Tarantulas are among the largest spiders in the world and likely the most feared. Emergency physicians are increasingly likely to encounter patients who have had tarantula contact as the popularity of tarantulas as pets is increasing.

Tarantulas belong to the suborder Orthognatha and the family Theraphosidae. These large (2.5-7.5 cm) arachnids are slow moving. Females can live as long as 35 years, while the male life span is generally 5-7 years. They have poor eyesight and sense their prey through vibrations. The largest species, Theraphosa blondi, which is found in South America, can have fangs 1 inch long and a leg span up to 12 inches.

Tarantulas generally can be found in tropical and subtropical areas of the world.[1] The largest tarantulas are found in South America. In the United States, great numbers are found in the southwestern states. Most tarantulas sold in pet stores in the United States are imported species of Aphonopelma.
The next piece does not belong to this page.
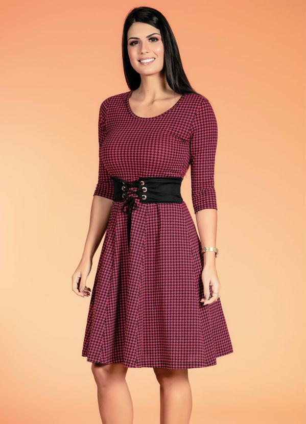 Rosalie - Vestido com Mangas 7/8 Pied de Poule Rosa

Although tarantulas often evoke panic and anxiety on sight, these hairy long-legged spiders generally are nonaggressive and rarely bite. Tarantulas usually retreat as their main line of defense.

If forced to defend itself, the arachnid may flick very fine, fiberglasslike, sharp, barbed hairs from its abdomen at its enemy (shown in the images below). These may stimulate ocular, dermatologic, and respiratory tract irritation. Density of hairs on the abdomen is approximately 10,000 per mm2.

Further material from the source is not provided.